As we were heading home, I got the call. My mother would have died around the time I had arrived at the forest. Part of me knows she sent me there, knowing that only the river could steel me for the news, that the tree would remind me of my strength. River, before your soft unyielding touch even mountains bow; in your embrace, my heart could never stay a stone. We would eventually scatter some of my mother’s ashes at the river, against the glittering rocky waters, a beautiful white sandy stream, drawn in currents flowing to eternity.
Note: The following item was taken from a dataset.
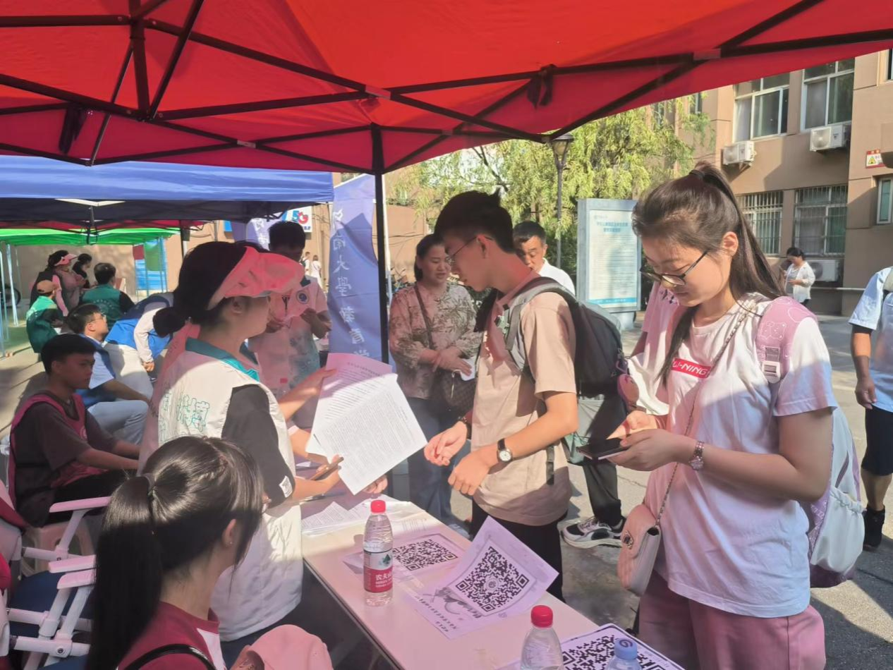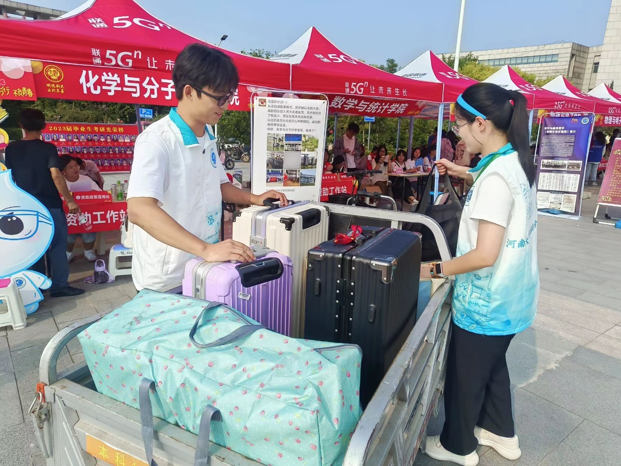 金明校区西门、学院大厅以及北苑学生公寓同步开展迎新工作。此次迎新活动由学院学生会全体成员以及2022级班级志愿者共同负责。

Gazing upon something like a tree, a river, a boulder–feeling the weight of many hundreds, thousands, or millions of years; it is very sobering and calming to behold such wisdom and experience. Much as death provides perspective on what is important then, so too does nature. In its fleeting colors and creatures, in the inexorable advance of its cycles, in its capriciousness, in its splendid grandeur, nature urges that we experience the present, even as it contextualizes—reassures—ourselves as a small but meaningful piece of a much greater scheme that will continue even as our parts of the play move off-screen. Nature reminds that many problems are small, temporary—a flicker of trouble against the billions-years-long global-reaching march of life. Nothing new under the sun.
Time in nature has numerous research-supported benefits for all facets of health, from mental to physical. On top of these general benefits, I think nature helps us, specifically, in our understanding of death. From my own experience, many modern human societies are quite uncomfortable with death—hiding it away behind euphemisms and sterile white walls—in ways that older societies weren’t. In nature, death is visible, omnipresent—but so is life: resilient, ancient, transformative, unexpected. Death, nature whispers, isn’t necessarily something to welcome or seek, but neither to fear. That it is, quite literally, the substrate for life, a mere step along our journey from stardust to what may come. And so too, my parents returned to earth, to become riverbed, a sycamore leaf—to become me, in the best of their ideals, and now you, with the sliver of me you carry now. What ripples are cast and carried by us, long after the pebble is gone?